PETERSBURG, Va. – On the day that the nation paused to honor Dr. Martin Luther King Jr., the keynote speaker at a ceremony Monday in the city where the holiday originated reminded his audience that service to others is based on compassion and some divine intervention.

“If the dream is ever going to become a reality, we must have love for our fellow man,” Bishop Lanier Twyman told a packed sanctuary at Tabernacle Baptist Church in Petersburg, Virginia. “Our love must not just be in words only. Compassion will rearrange your priorities.”

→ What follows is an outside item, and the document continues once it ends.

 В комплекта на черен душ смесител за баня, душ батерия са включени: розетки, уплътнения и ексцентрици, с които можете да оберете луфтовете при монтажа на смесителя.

Twyman drew similarities between King’s service to civil rights and the biblical story of the Good Samaritan who stopped to help an injured man when priests and others would not. Like King, Twyman said the Samaritan decided that helping the injured person was more important that what he originally planned to do that day.

“Interruption may be a divine appointment,” he said. “John the Revelator said it like this, ‘My little children, let us not love in word, neither in tongue but in deed.'”

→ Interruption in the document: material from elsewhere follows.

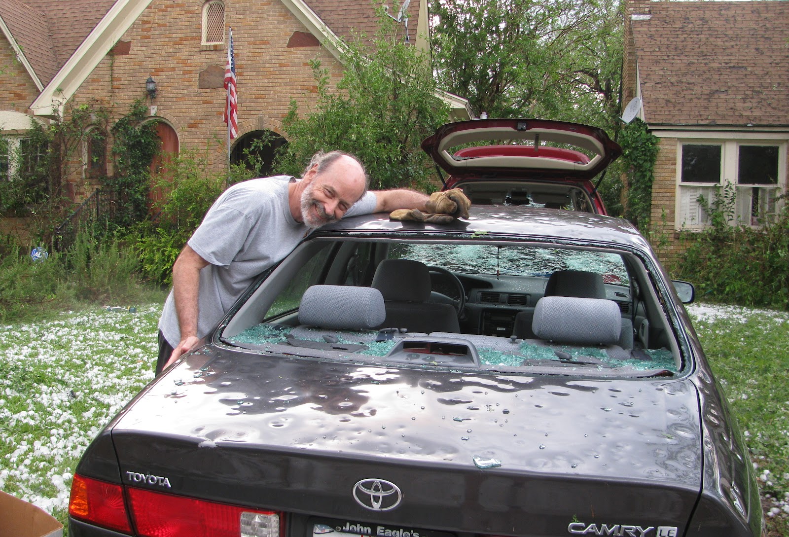 It was the worst hail I’ve seen and when it was over, water was coming through the ceilings in five rooms of our house, there was structural damage in the attic, and a couple of windows broken (including a small section of a stained glass window). Both cars were trashed, the garden destroyed (except the roses did okay), trees stripped, bird bath broken, and even the charcoal grill was bent. And I keep finding other things.

King lived by that example, and Twyman said today’s society should as well. The Samaritan story, Twyman said, serves as an example of inclusion because it proves that service should not be limited to any one group.

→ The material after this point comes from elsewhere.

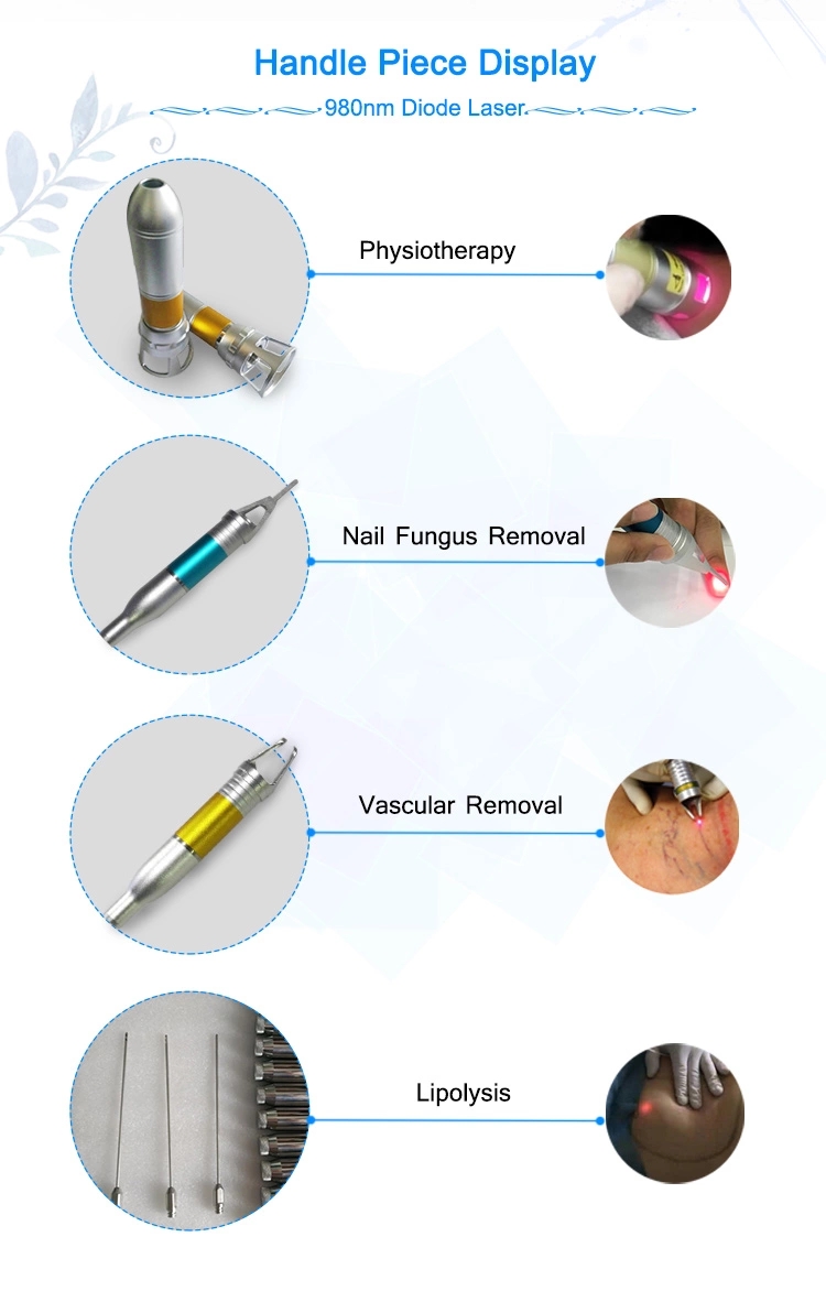 El láser de 980nm para la máquina de extirpación de la vena araña/vascular de 980nm es el espectro de absorción óptimo de las células vasculares de porfirina. Las células vasculares absorben el láser de alta energía de 980nm de longitud de onda, se produce la solidificación y finalmente se disipan. Úselo para curar el tratamiento con láser de venas, terapia de lesiones vasculares, venas de araña/venas faciales y eliminar vasos sanguíneos rojos: todo tipo de telangiectasia, hemangioma de cereza, etc.

“This Samaritan didn’t ask him if [the injured man] was Black or white because that didn’t matter,” Twyman said. “He didn’t ask him if he was rich or poor because that didn’t matter. He didn’t ask him if he was a Democrat or a Republican because that didn’t matter. He didn’t ask him if he was gay or straight because that didn’t matter. What matters is that there was a need that had to be met. What matters most is that he was in trouble and he needed help.”